Padahal, di Minangkabau dan ajaran Islam yang kita anut, bicara itu ada timbangannya. Ada sopan santun. Ada waktu untuk menyampaikan, ada cara untuk menegur, ada niat yang harus dibenahi sebelum jari menekan tombol “kirim”.
Semangat Idul Adha mestinya jadi momen bagi kita semua untuk bercermin. Apakah selama ini kita sudah ikhlas berkawan, atau justru terlalu sering menyakiti? Apakah kita sudah berani menahan ego dan menempatkan maslahat bersama di atas kepentingan pribadi? Ataukah kita masih terlalu senang menjadi pusat perhatian, meski harus membakar perasaan orang lain?
Mungkin yang perlu kita kurbankan hari ini bukan kambing atau sapi, tapi gengsi, prasangka, dan cara kita memperlakukan orang yang tak sejalan. Kita bisa berbeda pilihan politik, berbeda pandangan, bahkan berbeda karakter. Tapi bukan berarti harus saling menjatuhkan, apalagi saling membenci.
Kalau kita sepakat bahwa Idul Adha adalah tentang ketulusan dan pengorbanan, maka mari kita mulai dari hal sederhana: menjaga lisan, menahan tangan, dan menata niat dalam setiap interaksi—baik di dunia nyata maupun di ruang digital.

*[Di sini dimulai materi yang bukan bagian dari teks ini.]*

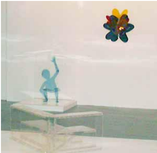
Dot Galerie 2001 exhibition, Geneva, Switzerland

In 2000 starts working with transparent and then colored acrylics. For Chilindron adding transparency as a new element, allowed her to get closer to her original idea of a piece, as each shape can be seen through. These new works were first seen in a solo show at Dot Galerie in Geneva, Switzerland in 2001. La Ville de Genève (Geneva's Municipality), purchased "Table and Chair," from the exhibition. Several pieces then traveled to Holland for a show at Kapel Central, Nijmegen, Netherlands.
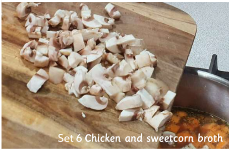
Set 6 Chicken and sweetcorn broth
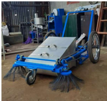
Figure 4. Final result

Creating a steering broom drive system, with two directional brooms located at the front of the machine which can direct the waste to the center in the corners of the room or the corners of the walls. By rotating the two brooms in opposite directions, you can direct the waste to the middle of the machine.
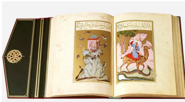
The Book of Felicity, Sultan Murad, Ottoman Empire, Gaspard Monge, original manuscript in the Bibliothèque Nationale (Paris), published as a facsimile edition by M. Moleiro, 2007 (ISBN849640031X, 9788496400313), 445 pages.

http://www.metmuseum.org/toah/works-of-art/25.83.9
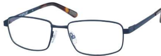
CTO-DENTILS-006 Matte rubberized navy
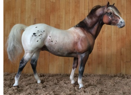
RESERVE CHAMPION REPAINT/HAIR OR SCULPTED M/T: THE PAISLEY PALETTE (SR)

Simple Remake & Repaint w/Hair Mane/Tail: Trad, or Larger (81): 1-Kid's Spanish Cash (CM), 2-Nanty Narking (SC), 3-Apache Red Chief (CM), 4-Althea (SR), 5-J's Enchanted Ecco (AI), 6-Moonlight Drive (LK), 7-J's Party Doll (CM), 8-Red Cloud (SS), 9-Heartsease (AI), 10-Valentino (CH), HMs-Alamance (EH), Murphy's Law (AP)
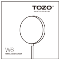
User Manual x 1
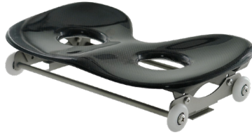
A. Single action type with bearings, height adjustable.

Elite and Club A boats are supplied with lightweight carbon seat tops.
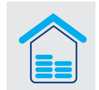
Extensive local stockholding
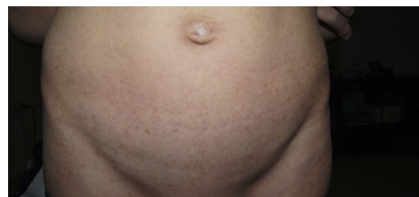
Fig 3. Diffuse hyperpigmented and hypopigmented macules with a mottled appearance over the abdomen.

Hair, nail, and mucosa were all spared. The remainder of the physical examination was unremarkable (Fig 3).
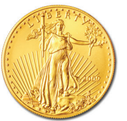
2009 $50 Gold Eagle
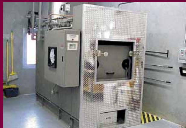
Shown with Automatic Hydraulic Door System

The Power-Pak Jr. is pre-wired, pre-piped, and pre-tested before shipment, requiring only off-loading, one connection each for gas and electricity and placement of the stack we provide.
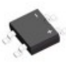
MB-F 6.8 x 4.8 x 1.5
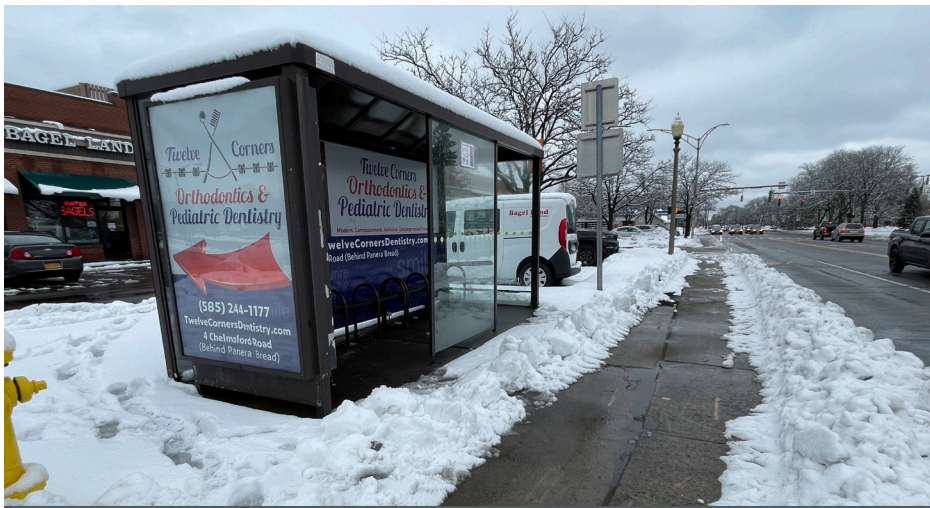
Bus stop and cleared sidewalk at Winton Road and Monroe Avenue (Twelve Corners).

In addition to the network development and other infrastructure changes recommended in previous tasks, policy and programmatic strategies and actions should play an influential role in the future of active transportation in Monroe County. The proposed network would significantly increase active transportation,
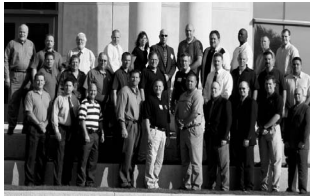
Group photo of Ethics Train-the-Trainer held May 8-12, 2006 in Plano, Texas.

POLICING THE POLICE... continued from page 4
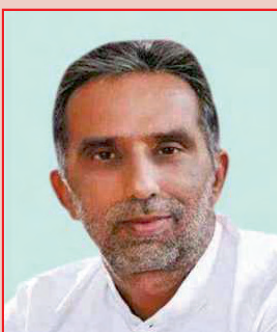
Sh. Krishan Pal Gurjar Minister of State for Social Justice & Empowerment
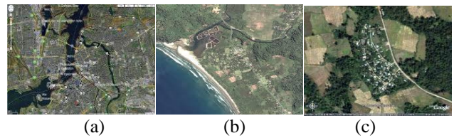
Fig 2.3.1: Input LR Images

In order to evaluate the objective quality of the final images, quality metrics, namely Peak Signal to Noise Ratio (PSNR) is used. PSNR is the quality measurement between the original image and the reconstructed image which is calculated through the mean squared error (MSE). The MSE represents the cumulative squared error between the compressed and the original image, whereas PSNR represents a measure of the peak error. These parameters are calculated as follows: PSNR = 10 \log 2552 / MSE . The PSNR values of the given input images are shown in Table 3.3.1.
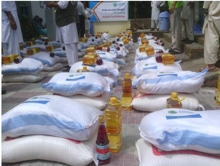
Figure 9 Food package
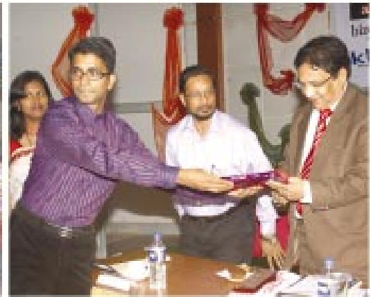
Release of The Souvenir
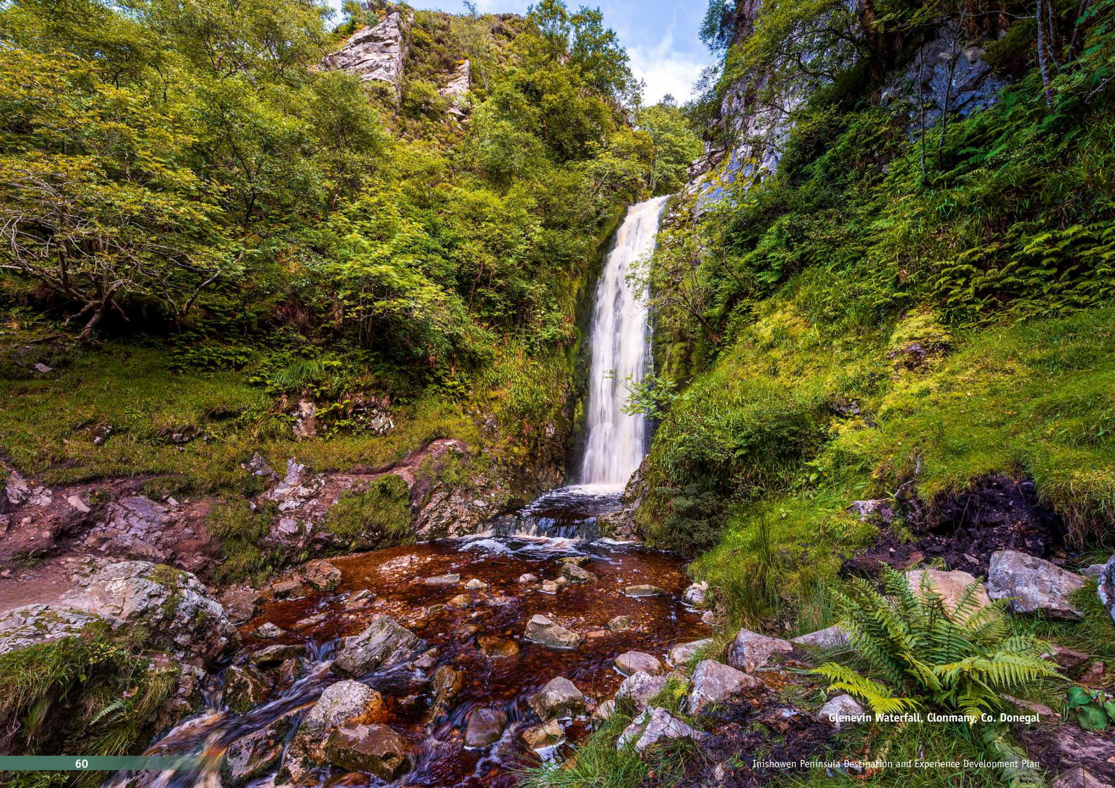
Glenevin Waterfall, Clonmany, Co. Donegal

Karena pada akhirnya, yang akan dikenang bukan seberapa keras kita bersuara, tapi seberapa bijak kita menjaga silaturahmi.(*)
#Penulis adalah Jurnalis pemegang kompetensi wartawan utama, mantan Pemred di beberapa media mainstream di Sumatera Barat dan kini Pemred Rakyat Sumbar.